The controversy in this case arose when the respondent requested from the BIR a refund of its 1997 excess
input taxes, which was arrived at after deducting from its total input VAT paid its applied output liabilities. There
being no action on the part of the BIR, the respondent filed a petition before the Court of Tax Appeals.
According to the respondent, Section 102 provides that export sales by a VAT registered person, the
consideration of which is paid for in acceptable foreign currency inwardly remitted to the Philippines and
accounted for in accordance with existing regulations of the BSP, are subject to VAT at zero percent.
Moreover, Section 106 provides that input taxes on domestic purchases of taxable goods and services related
to zero-related revenues are available as tax refund. Being a VAT-registered entity, the respondent argued
that it is subject to the said VAT rate and that it can avail of the refunds or tax credits of input tax.
The Court of Tax Appeals granted the petition of the respondent to be given the refund of its excess input
taxes, and such ruling of the CTA was affirmed by the CA. According to the CA, the CIR was mistaken in
requiring that the respondents services be consumed abroad in order to be zero-rated. By doing so, it went
beyond the sphere of interpretation and into that of legislation.

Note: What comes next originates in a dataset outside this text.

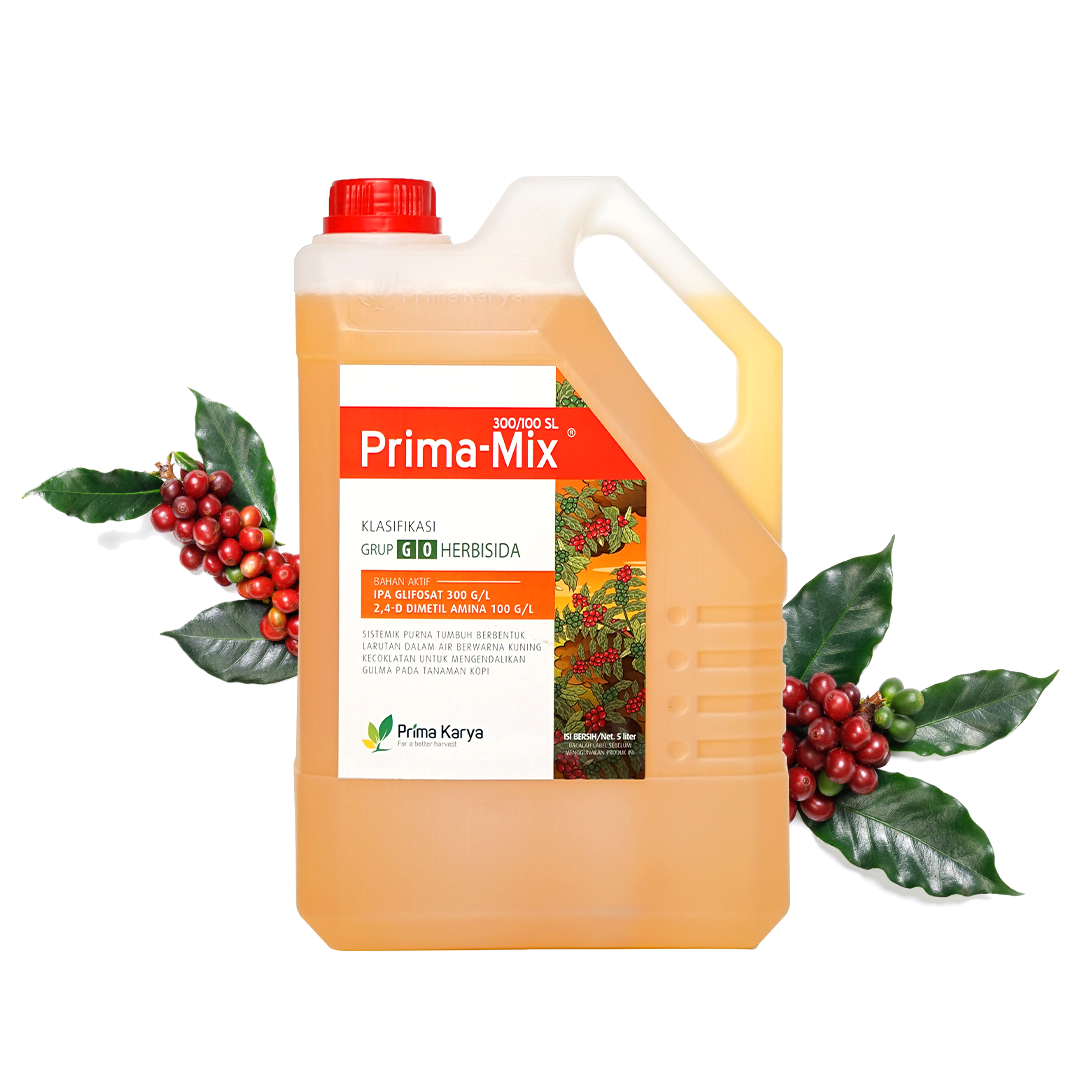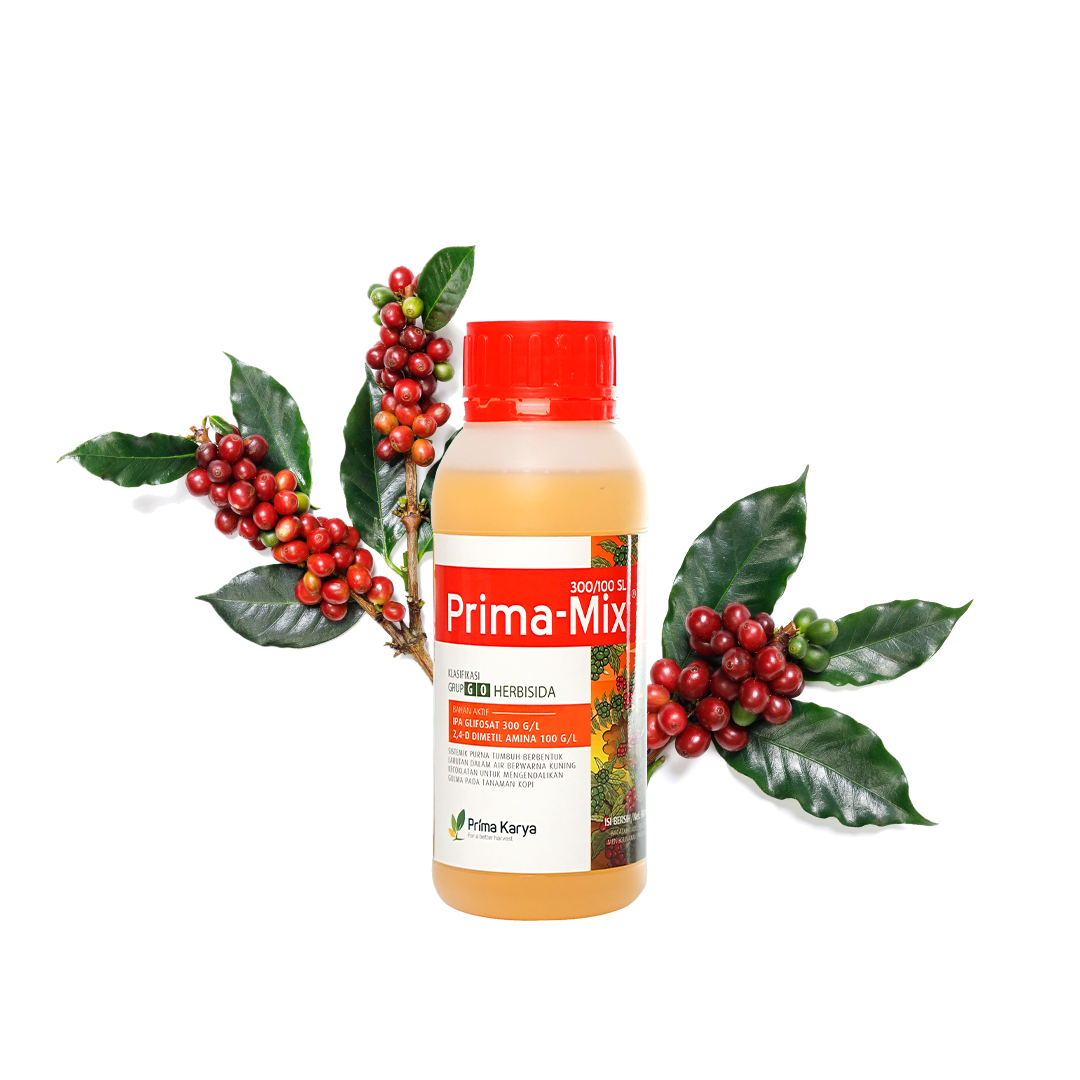 Full-grown systemic herbicide with 2 active ingredients, namely Ipa Glyphosate 300 g/L and 2,4-D Dimethylamine 100 g/L in the form of a brownish yellow water solution to control weeds in coffee plants.

Issue: W/N the respondent company can avail of tax credits
Ruling:
Yes, it can. The law is very clear in saying that VAT-registered person in the Philippines (other than the
processing, manufacturing or repacking of goods for persons doing business outside the Philippines), when
paid in acceptable foreign currency and accounted for in accordance with the rules and regulations of the BSP,
are zero-rated. The respondent in this case is a VAT registered person that facilitates the collection and
payment of receivables belonging to its resident foreign client, for which it gets paid in acceptable foreign
currency inwardly remitted and accounted for in conformity with BSP rules and regulations. Certainly, the
service it renders in the Philippines is not in the same category as processing, manufacturing or repacking of
goods and should, hence, be zero-rated.
For facilitating in the Philippines the collection and payment of receivables belonging to its Hong Kong-based
foreign client, and getting paid for it in duly accounted acceptable foreign currency, the respondent renders
service falling under the category of zero-rating. With this, the Court upholds the respondents entitlement to
the refund.
It is also important to note that the law neither makes a qualification nor adds a condition in determining the tax
situs of the zero-rated service. Under this criterion, the place where the service is rendered determines the
jurisdiction to impose VAT. Performed in the Philippines, such service is necessarily subject to its jurisdiction
in order to enforce a zero rate. The place of payment is immaterial, much less is the place where the output of
service will be further or ultimately used.